*** SUPPLIED MATERIAL Section Begins ***
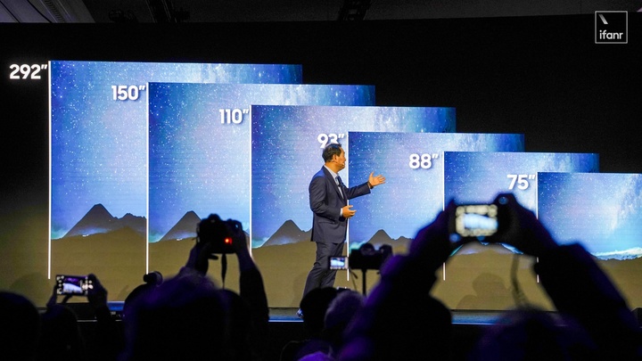 在現場,三星也展出了最大 292 英寸的巨幕,但這種超大型屏幕主要還是面向演唱會、户外廣告等商業場景,對家庭用户來説,現在可以選擇的 Micro-LED 電視尺寸分別有 75、88、93 和 110 英寸等,。
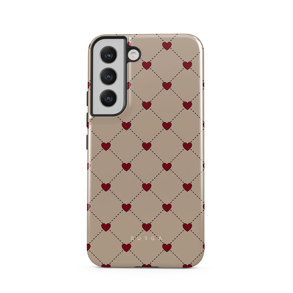 Secrets of the heart whispered between elegant beige diamonds. Every moment, a red heart shimmers—a hidden message, a silent wish, a love letter to the beholder. Discover our Love Letter Samsung Galaxy S22 Plus Case phone case design.
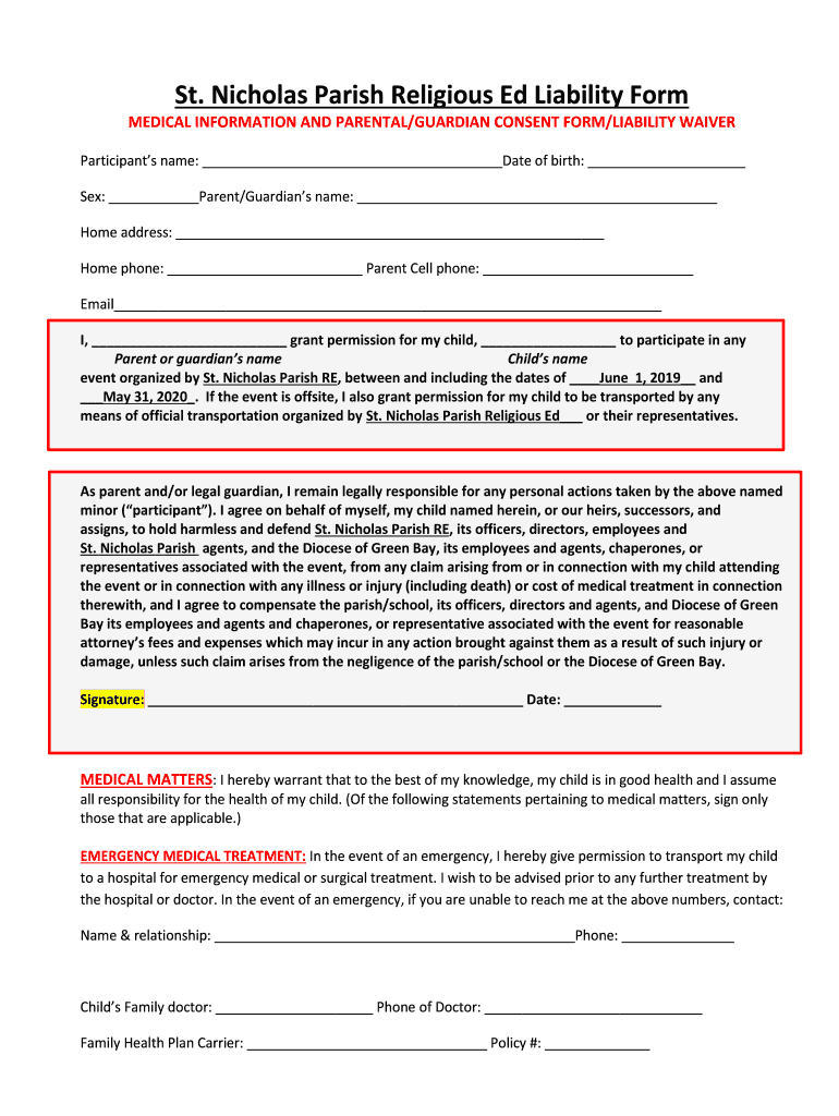 St. Nicholas Parish Religious Ed Liability Form MEDICAL INFORMATION AND PARENTAL/GUARDIAN CONSENT FORM/LIABILITY WAIVER Participants name: Date of birth: Sex: Parent/Guardians name: Home address:
*** SUPPLIED MATERIAL Section Ends ***
TASK: All of the lines above should be printed exactly, minus the pictures.

SOLUTION TO THE EXERCISE:
 在現場,三星也展出了最大 292 英寸的巨幕,但這種超大型屏幕主要還是面向演唱會、户外廣告等商業場景,對家庭用户來説,現在可以選擇的 Micro-LED 電視尺寸分別有 75、88、93 和 110 英寸等,。
 Secrets of the heart whispered between elegant beige diamonds. Every moment, a red heart shimmers—a hidden message, a silent wish, a love letter to the beholder. Discover our Love Letter Samsung Galaxy S22 Plus Case phone case design.
 St. Nicholas Parish Religious Ed Liability Form MEDICAL INFORMATION AND PARENTAL/GUARDIAN CONSENT FORM/LIABILITY WAIVER Participants name: Date of birth: Sex: Parent/Guardians name: Home address:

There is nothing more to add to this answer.